The defense was used thereafter to win 90% of 3,300 cases against chiropractors in the next twenty years. This aspect of the facts has been whispered through the literature by Rehm, Keating, Seaman and several others in the last thirty years. THIS is how it goes from partial fact to distorted truth.

None of these arguments including Simpson take into consideration the FACT that D.D. Palmer had been studying the philosophy of healing for thirty years prior to the Morkibubo case. (I explore these issues in more detail with the actual texts D.D. was studying in two of my books (ANOTHER PLUG)!) Nor do they account for the FACT that the philosophy of chiropractic has many similarities to the 20th century philosophies of biology, philosophies that led to the current trends in systems theory, complexity theory, chaos theory, and other more interesting approaches such as Non Equilibrium Thermodynamics and Subtle Energy Systems. Basically, there were many factors that led to the importance of the philosophy in chiropractic and these dismissivist approaches merely point to ONE and suggest it is EVERYTHING.

You ask, “Why is this important?” Well, by dismissing the philosophy of chiropractic as a relic of an earlier time, when there were not many licensing laws, it gets erroneously argued that we no longer need philosophy because we don’t need that “phony” defense anymore! This of course leads to licensing boards (GCC) and accrediting agencies (CCE) to diminish the need for philosophy and subluxation, which leads to changes of scope and education.

Before I get to the subluxation part, let’s address the new distorted truth

Simpson, WRONGLY asserts that Solon Langworthy (the man credited with writing the first chiropractic textbook and coining the term vertebral subluxation), started the ACA in 1922. This is a mistake and hopefully the journal will publish a retraction. In 1903, Langworthy started The American School of Chiropractic in Cedar Rapids, Iowa. The association he started in 1905 was called the American Chiropractic Association, and was probably an alumni group.
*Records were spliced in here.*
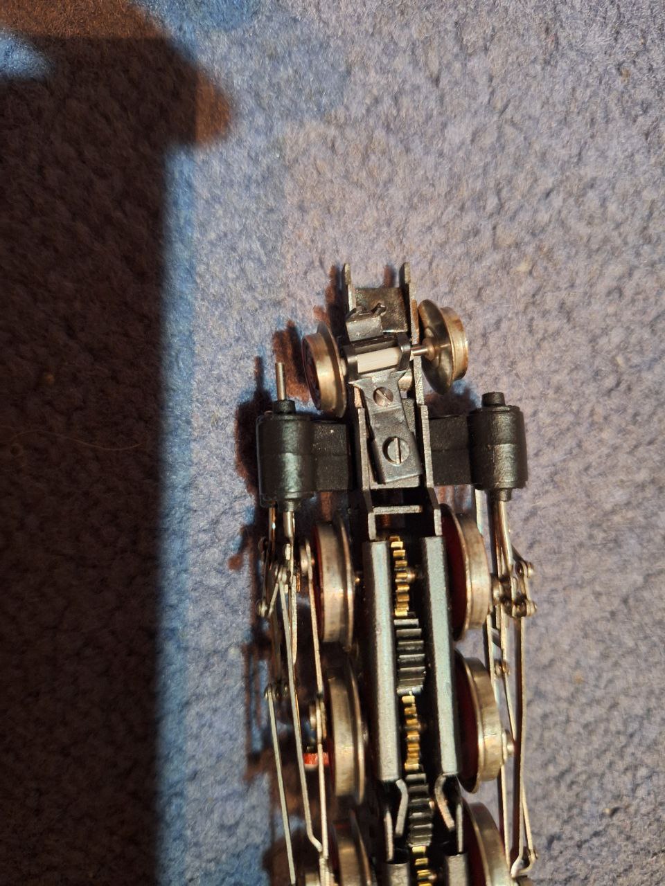 А сьогодні я взяв баласт від іншого бр80, підняв баласт, поки що на пружині, прикрученій до опори. Просвіт між рамою і котлом виглядає реалістично і прикольно. Вперше катав з корпусом, запинки і зіскакування передньої пари на стиках списую на те, що рейки на дуже нерівній підлозі, виходять якісь американські гірки. Віднесу до батьків, в них по рівній підлозі щоб навколо ялинки з вагонами їздив. Щодо приводу на передню пару треба його таки зробити, бо та пробуксовка 2 і 3 пари виглядає ефектно, але неефективно. Шестерню не дуже хочу, бо її буде добре видно, я дуже радий як вийшло, що більша частина деталей шасі закрита корпусом. Тому якщо зрозумію як зробити чи купити дишла, то через них, якщо ні - через шестерню. Треба ще передню пару купити як ті 2. Корпус буду переробляти вже після свят щоб вийшло щось таке, як у Вовера. Відео:
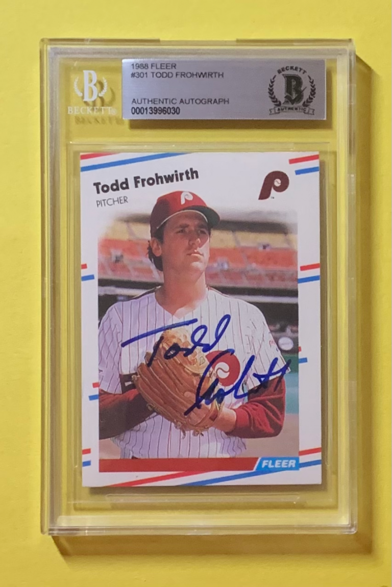 1988 FLEER TODD FROHWIRTH #301 AUTHENTIC AUTO BECKETT CERTIFIED PHILLIES COLLECTIBLE MEMORABILIA
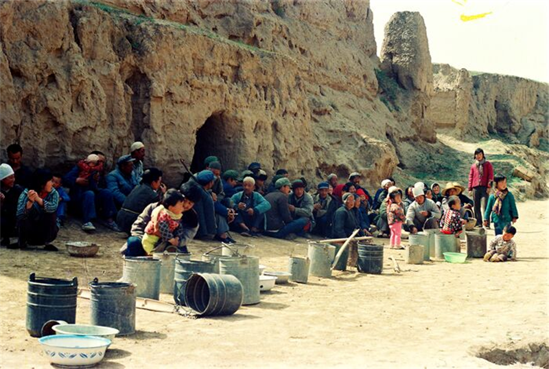 上世紀70年代,甘肅中部的定西等十多個(ge) 縣大旱,數百萬(wan) 群眾(zhong) 等待政府送水(來源:甘肅省水利廳網站)

It had no relationship to the ACA, which formed in 1922, which later became the NCA, which in 1963 became the ACA of today.

And so you ask, “Who cares about all this history Simon?” Let’s look at the problem and the new whispers that will start from this very scholarly article of Simpson’s. It goes something like this… Since Tom Morris used Langworthy’s textbook to establish chiropractic as separate and distinct, and Morris was the architect of the philosophy, and since Langworthy started the ACA…well…that organization and their beliefs must hold the real flame of chiropractic legitimacy… and the whispers go on.

I will just end this rant by noting that Simpson’s assumption that evidence based practice and subluxation are mutually exclusive does not have any foundation except what is whispered in his carefully chosen references. He misses the important study called How Chiropractors Think and Practice (2003), which shows 88% in North America prefer to keep the term subluxation. He also misses much of the current literature on subluxation and history.

Finally, Simpson uses this tired group of distorted facts to dredge up yet another and another, that somehow philosophical chiropractors and subluxation chiropractors must ALL be following a “dogma” that believes the idea of ONE-CAUSE ONE-CURE and whatever goes with it. For the one cure issue, I refer you to the 2003 study mentioned above, for the worn out use of the term “dogma” in discussing chiropractic and its philosophers, you may just have to take my 12 hour online course, where I go into it in detail. (LAST SHAMELESS PLUG!)

With sincerity,

Dr. Simon Senzon

© 2020 The Institute Chiropractic - Senzon Learning, Inc.